JP Morgan is San Jose’s Payday Lender

PART 1
Last week, I participated as the alternate for Mayor Chuck Reed on the oversight board for the Successor Agency to the Redevelopment Agency (SARA). The primary focus of the meeting concerned the approval of a one-year extension to the existing Letter of Credit (LOC) with JP Morgan bank. This extension had already been passed by the City Council, but it was still up to the SARA Oversight Board to approve the extension as well.

Back in 1996 and 2003, the council, acting as the Redevelopment Agency (RDA), issued a total of $119 million in variable rate bonds—this does not include the millions in fixed-rate bonds issued during the same time period. The city then entered into a LOC arrangement as an insurance measure to guard against the higher interest rate trigger inherent in variable rate bonds. The LOC approval enabled the council to borrow even more money. The annual fee for this LOC is $2.4 million, and the only way to avoid this annual fee is to come up with the $90 million required to pay off the remaining balance on the bonds.  The final payment of these bonds is scheduled for 2032, which will be a continuing challenge for future city leaders.

Unfortunately, we have little leverage in negotiation with the bank and are beholden to its terms. Just as excessive debt can reduce a person’s individual freedom, the same is true in municipal finance: Onerous debt obligations can impede the ability of government to provide vital community services. 

In the event that the city were to default on the LOC, the general fund would be on the hook for at least a decade to cover the full annual debt payments on the convention center and fourth street garage, which is currently $18.7 million. In addition, JPMorgan would charge an 11.5 percent penalty on the outstanding balance, further compounding the problem. JP Morgan, understanding the inherent risk involved, presently holds $5 million of San Jose SARA funds in escrow should there be a default. The bank is also listed second on deed of eighteen city properties that could be sold. This form of collateral was negotiated in a prior LOC extension.

PART 2
The other item discussed at the same meeting concerned the fact that State Controller John Chiang had informed city officials that the SERAF loan is not an enforceable obligation. If this is the case, then the RDA tax increment cannot be used to repay the source of the funds borrowed. 

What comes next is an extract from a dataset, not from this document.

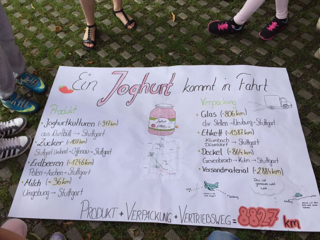 Bei der AVOS-Station wurde fleißig über regionale und saisonale Lebensmittel (vor allem Obst & Gemüse) diskutiert. Anhand eines Quiz konnten wichtige Aspekte rund um das Thema nachhaltige Ernährung verankert werden. Besonders das Plakat "Ein Joghurt kommt in Fahrt!" regte hitzige Debatten an. Es veranschaulichte, wie viele Kilometer ein Erdbeerjoghurt zurücklegen kann, bis es bei uns im Supermarkt zum Verkauf angeboten wird.

Once again in 2011, the state grabbed money from RDA agencies statewide. Cities were allowed the flexibility to use housing funds to make the SERAF payment. At the time, I stated that we should utilize all funds from the housing department in order to make the payment, since funds were available at that time. The option was either to create more non-tax paying affordable housing developments, or fund economic development projects for companies that employ residents and pay taxes, such as Brocade, Maxim and SunPower. For me, the choice was clear—without tax revenue, we can not employ police officers or pave roads.

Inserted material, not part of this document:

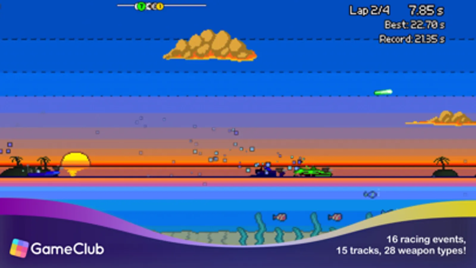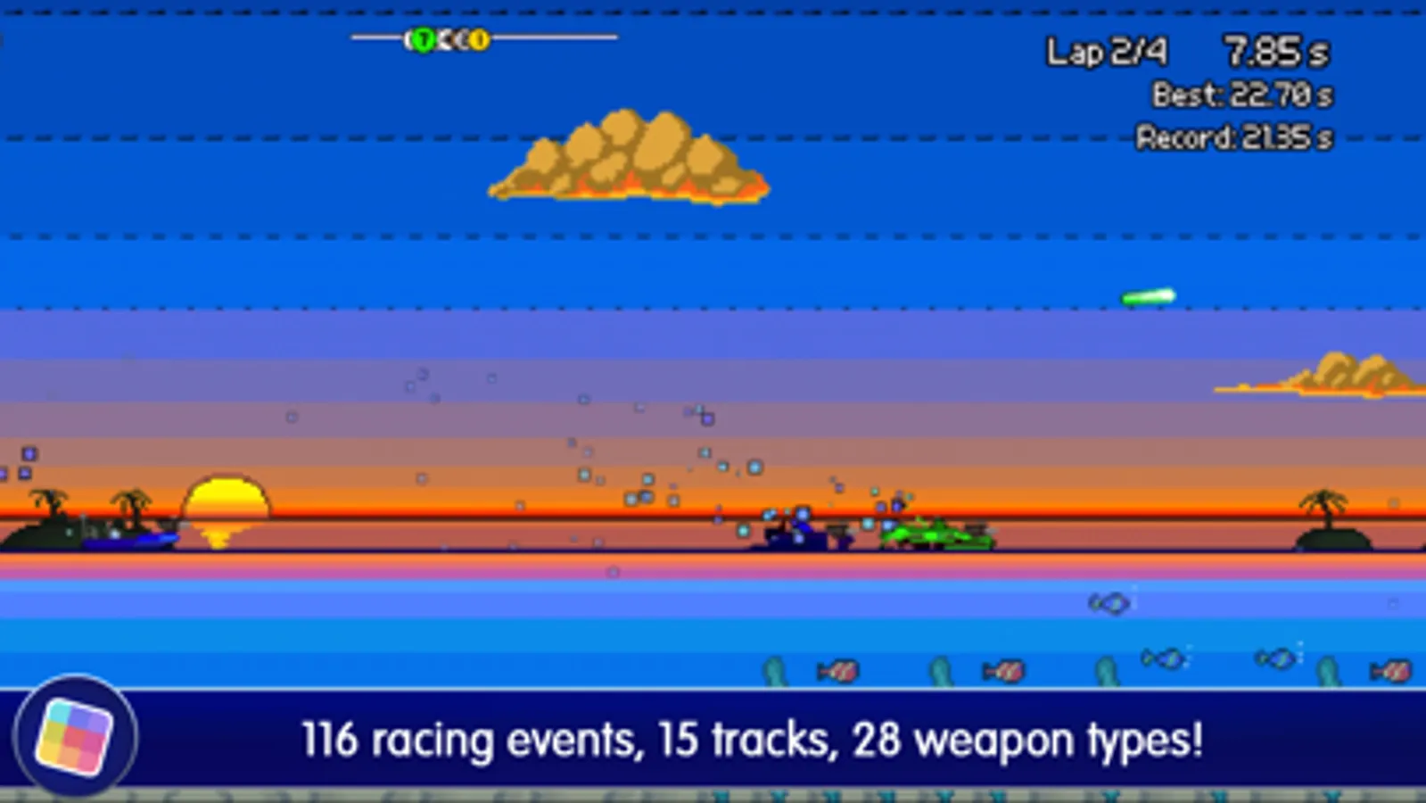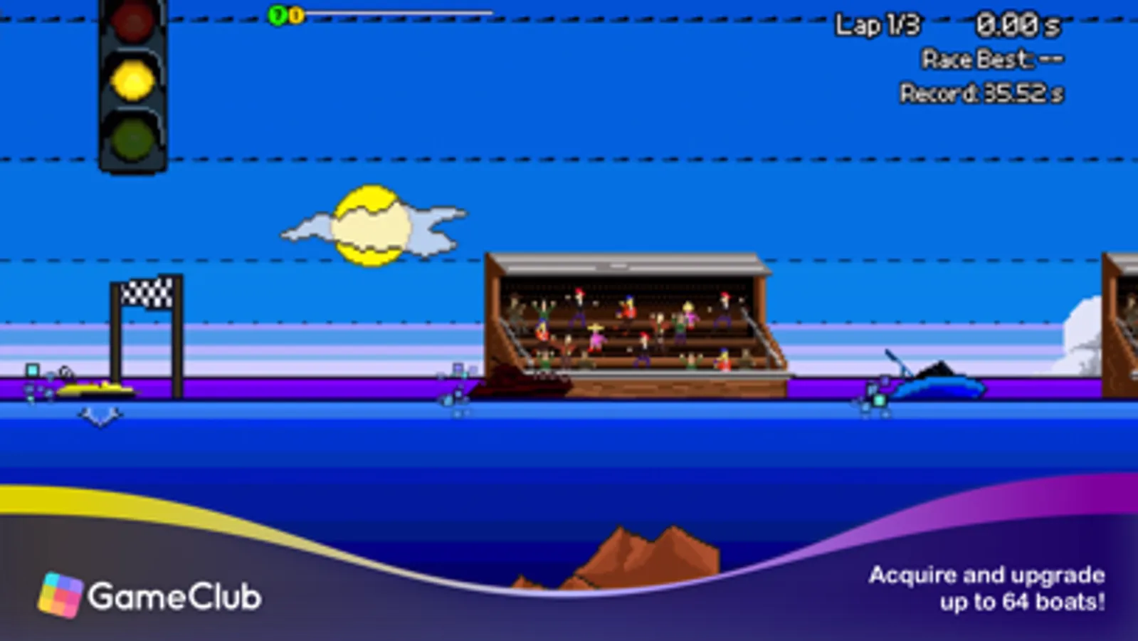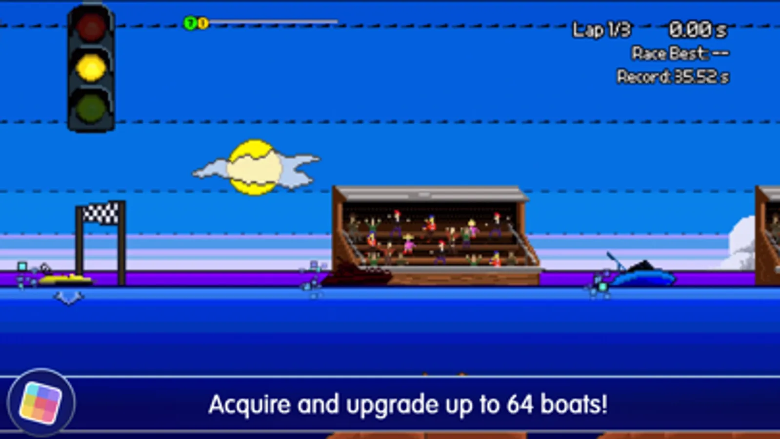 Pixel Boat Rush is the ultimate high-speed race on the high seas. With just enough scraped together for a beginner's license and a basic boat, you'll have to claw your way through the ranks in a quest to be the greatest racer alive. Victory brings in prize money and other spoils that you can use to buy upgrades and new boats that will give you the edge in the next race.

However the rest of the council disagreed with me, and decided instead to put the general fund at risk by borrowing $10 million in commercial paper instead of using available housing funds to make the SERAF payment. Another way of looking at it is the council voted to borrow money to provide more affordable housing instead of funding future police and roads. At the time of the council vote, there was more than $10 million available from the Housing Department to borrow without putting the general fund at risk. I wrote about how I was the only no vote on this item back in May 2011

Back in December 2009, I sat through another borrowing binge to the tune of $25 million. A proposal from my council colleagues passed, which allowed for the borrowing of $25 million at a time when housing funds were available to cover this amount. On this occasion Mayor Reed and Councilmember Pete Constant joined me in voting “no.”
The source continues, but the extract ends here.